If the error type E does not implement Responder, then the error is simply logged to the console, using its Debug implementation, and a 500 error is returned to the client.

Rocket Responders

Some of Rocket's best features are implemented through responders. You can find many of these responders in the response module. Among these are:

  • Content - Used to override the Content-Type of a response.
  • NamedFile - Streams a file to the client; automatically sets the Content-Type based on the file's extension.
  • Redirect - Redirects the client to a different URI.
  • Stream - Streams a response to a client from an arbitrary Reader type.
  • status - Contains types that override the status code of a response.
  • Flash - Sets a "flash" cookie that is removed when accessed.

Streaming

The Stream type deserves special attention. When a large amount of data needs to be sent to the client, it is better to stream the data to the client to avoid consuming large amounts of memory. Rocket provides the Stream type, making this easy. The Stream type can be created from any Read type. For example, to stream from a local Unix stream, we might write:

#[get("/stream")]
fn stream() -> io::Result<Stream<UnixStream>> {
    UnixStream::connect("/path/to/my/socket").map(|s| Stream::from(s))
}

JSON

The JSON responder in rocket_contrib allows you to easily respond with well-formed JSON data: simply return a value of type Json<T> where T is the type of a structure to serialize into JSON. The type T must implement the Serialize trait from serde, which can be automatically derived.

As an example, to respond with the JSON value of a Task structure, we might write:

use rocket_contrib::Json;

#[derive(Serialize)]
struct Task { ... }

#[get("/todo")]
fn todo() -> Json<Task> { ... }

The JSON type serializes the structure into JSON, sets the Content-Type to JSON, and emits the serialized data in a fixed-sized body.
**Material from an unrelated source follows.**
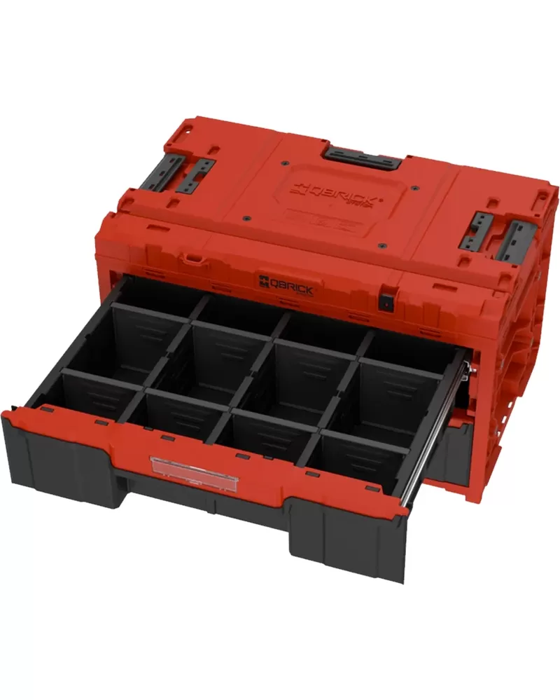 Box plastový s organizérem plastový QBRICK ONE 2.0 DRAWER 2 TOOLBOX RED Ultra HD Custom, 2 zásuvky 587x380x340 mm P90721

If serialization fails, a 500 - Internal Server Error is returned.

The JSON example on GitHub provides further illustration.

Templates

Rocket includes built-in templating support that works largely through a Template responder in rocket_contrib. To render a template named "index", for instance, you might return a value of type Template as follows:

#[get("/")]
fn index() -> Template {
    let context = /* object-like value */;
    Template::render("index", &context)
}

Templates are rendered with the render method. The method takes in the name of a template and a context to render the template with. The context can be any type that implements Serialize and serializes into an Object value, such as structs, HashMaps, and others.
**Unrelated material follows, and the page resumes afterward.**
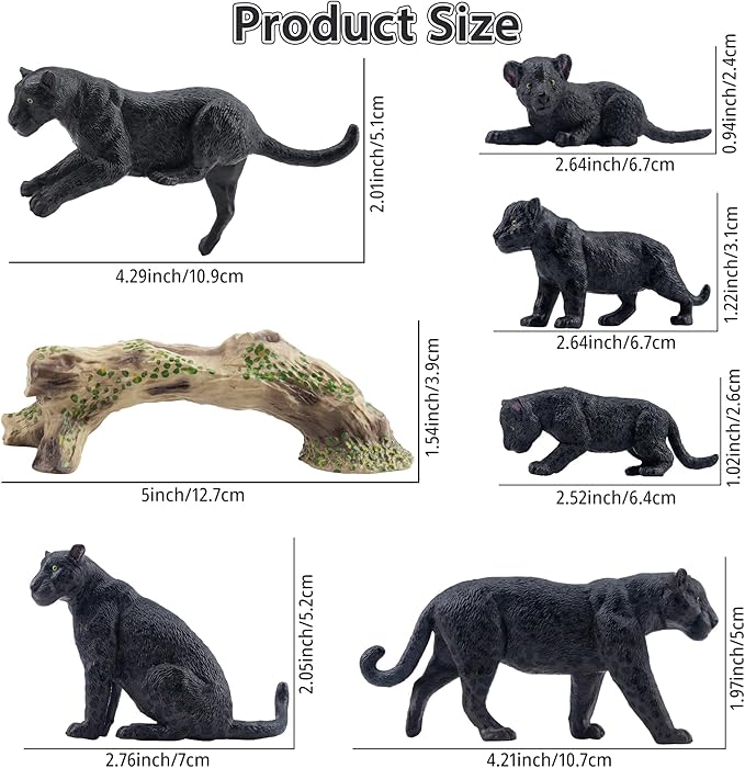 - PANTHERS ANIMALS FAMILY GATHERING: TOYMANY 7PCS Jaguars Family Playset includes 3 jaguars, its 3 cubs and tree trunk. Kids would like to be the host to hold a family gathering with them.

Rocket searches for a template with the given name in the configurable template_dir directory. Templating support in Rocket is engine agnostic. The engine used to render a template depends on the template file's extension. For example, if a file ends with .hbs, Handlebars is used, while if a file ends with .tera, Tera is used.

When your application is compiled in debug mode (without the --release flag passed to cargo), templates are automatically reloaded when they are modified. This means that you don't need to rebuild your application to observe template changes: simply refresh! In release builds, reloading is disabled.

For templates to be properly registered, the template fairing must be attached to the instance of Rocket. The Fairings sections of the guide provides more information on fairings. To attach the template fairing, simply call .attach(Template::fairing()) on an instance of Rocket as follows:

fn main() {
    rocket::ignite()
      .mount("/", routes![...])
      .attach(Template::fairing());
}

The Template API documentation contains more information about templates, including how to customize a template engine to add custom helpers and filters. The Handlebars Templates example on GitHub is a fully composed application that makes use of Handlebars templates.